§ AIM OF THE EXERCISE
Set down exactly the lines running from the one with "If you're not" to the last line of the listing below, both included, and skip every picture.

§ PROVIDED RECORDS
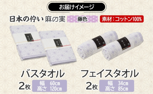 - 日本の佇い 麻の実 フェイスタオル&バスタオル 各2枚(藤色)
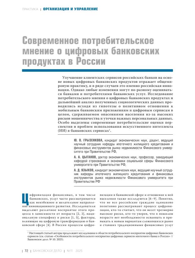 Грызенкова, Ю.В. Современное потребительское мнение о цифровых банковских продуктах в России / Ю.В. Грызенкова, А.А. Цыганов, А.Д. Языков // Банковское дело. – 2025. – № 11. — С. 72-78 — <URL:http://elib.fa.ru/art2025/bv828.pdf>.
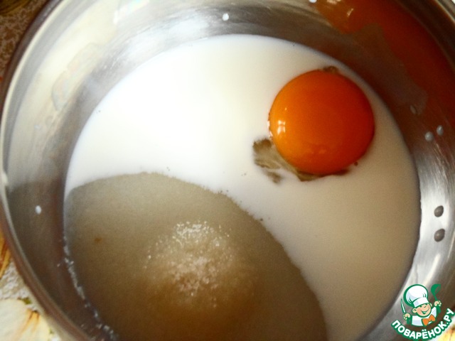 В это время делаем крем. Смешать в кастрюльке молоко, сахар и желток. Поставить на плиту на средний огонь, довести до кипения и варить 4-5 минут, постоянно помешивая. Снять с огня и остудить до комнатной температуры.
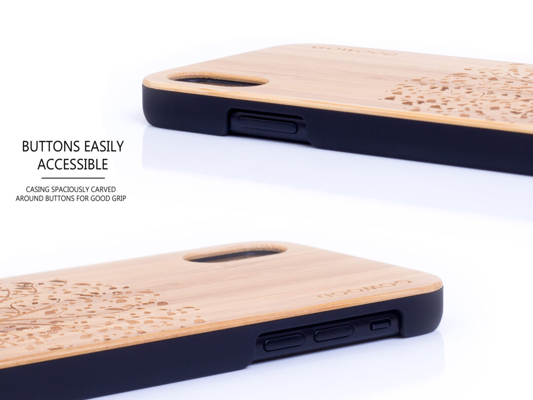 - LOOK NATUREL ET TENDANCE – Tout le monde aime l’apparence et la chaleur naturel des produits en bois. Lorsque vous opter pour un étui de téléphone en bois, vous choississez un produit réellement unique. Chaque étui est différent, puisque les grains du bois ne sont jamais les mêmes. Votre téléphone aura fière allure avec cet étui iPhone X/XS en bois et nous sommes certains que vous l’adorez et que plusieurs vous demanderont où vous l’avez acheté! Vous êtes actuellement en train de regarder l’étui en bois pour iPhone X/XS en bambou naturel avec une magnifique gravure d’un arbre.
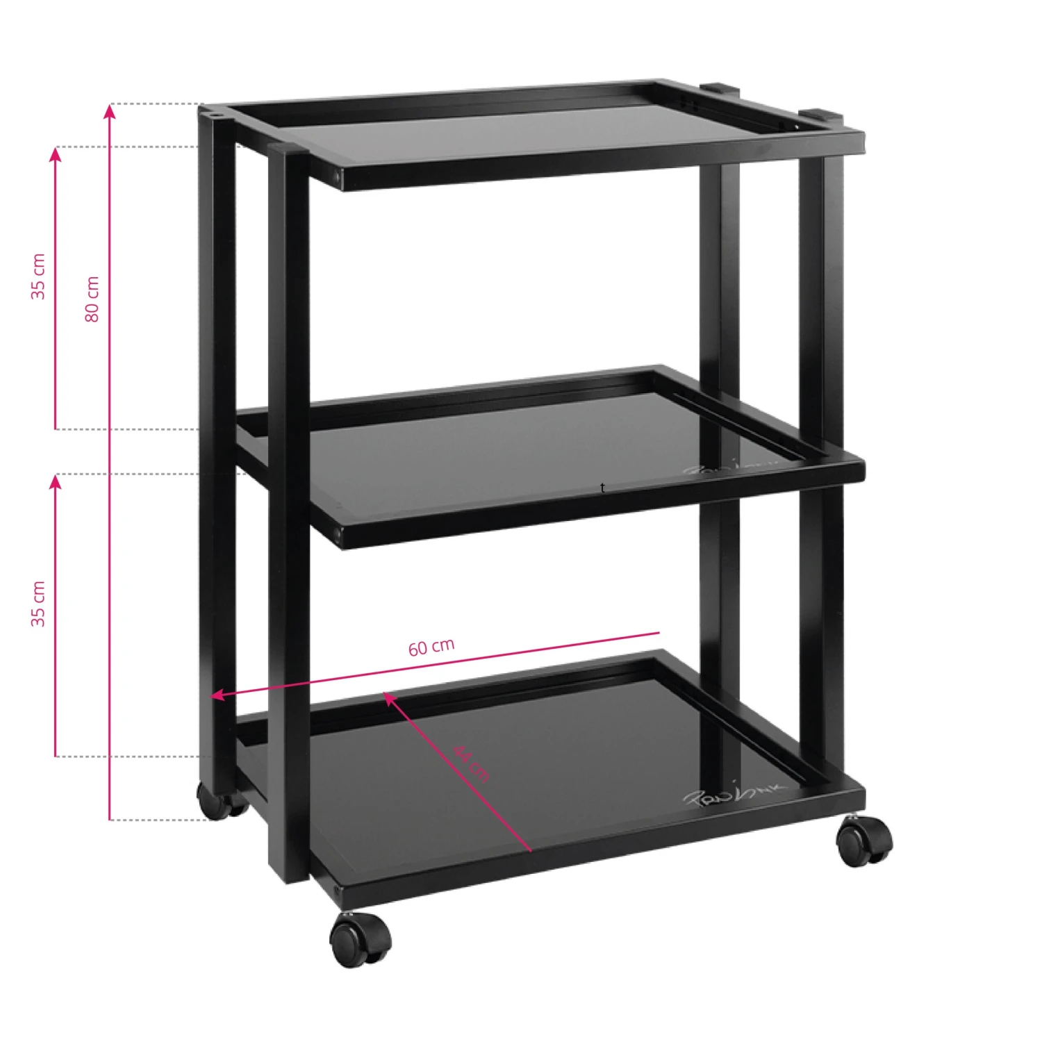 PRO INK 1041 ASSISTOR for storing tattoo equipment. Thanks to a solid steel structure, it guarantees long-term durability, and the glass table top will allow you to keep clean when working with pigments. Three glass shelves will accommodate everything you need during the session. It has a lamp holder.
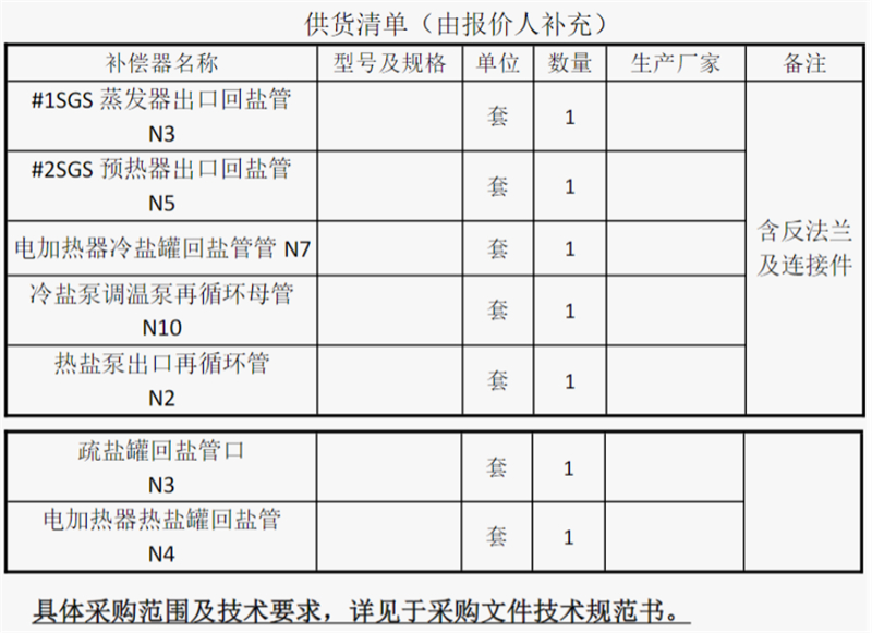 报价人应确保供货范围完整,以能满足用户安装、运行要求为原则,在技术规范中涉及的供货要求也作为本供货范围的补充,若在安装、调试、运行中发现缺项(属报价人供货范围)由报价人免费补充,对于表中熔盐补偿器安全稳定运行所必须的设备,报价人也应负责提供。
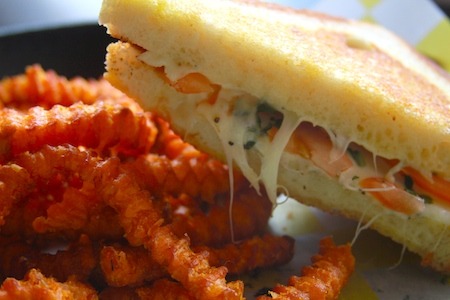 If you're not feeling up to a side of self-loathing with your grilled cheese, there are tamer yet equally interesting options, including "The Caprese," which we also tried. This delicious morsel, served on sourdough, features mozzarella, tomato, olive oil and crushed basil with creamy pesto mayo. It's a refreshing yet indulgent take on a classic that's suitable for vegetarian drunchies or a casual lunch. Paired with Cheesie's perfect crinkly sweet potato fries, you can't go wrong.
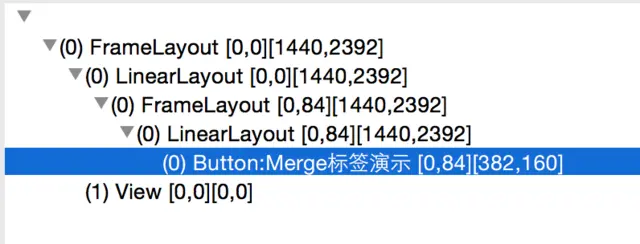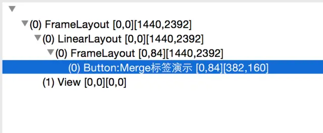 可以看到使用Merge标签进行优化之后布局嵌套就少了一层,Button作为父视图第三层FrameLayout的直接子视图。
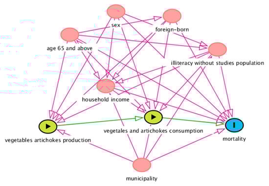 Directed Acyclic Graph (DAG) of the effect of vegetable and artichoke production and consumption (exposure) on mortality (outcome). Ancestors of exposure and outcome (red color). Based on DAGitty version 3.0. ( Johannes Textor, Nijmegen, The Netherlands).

§ RESULT FOR THIS EXERCISE
 If you're not feeling up to a side of self-loathing with your grilled cheese, there are tamer yet equally interesting options, including "The Caprese," which we also tried. This delicious morsel, served on sourdough, features mozzarella, tomato, olive oil and crushed basil with creamy pesto mayo. It's a refreshing yet indulgent take on a classic that's suitable for vegetarian drunchies or a casual lunch. Paired with Cheesie's perfect crinkly sweet potato fries, you can't go wrong.
 可以看到使用Merge标签进行优化之后布局嵌套就少了一层,Button作为父视图第三层FrameLayout的直接子视图。
 Directed Acyclic Graph (DAG) of the effect of vegetable and artichoke production and consumption (exposure) on mortality (outcome). Ancestors of exposure and outcome (red color). Based on DAGitty version 3.0. ( Johannes Textor, Nijmegen, The Netherlands).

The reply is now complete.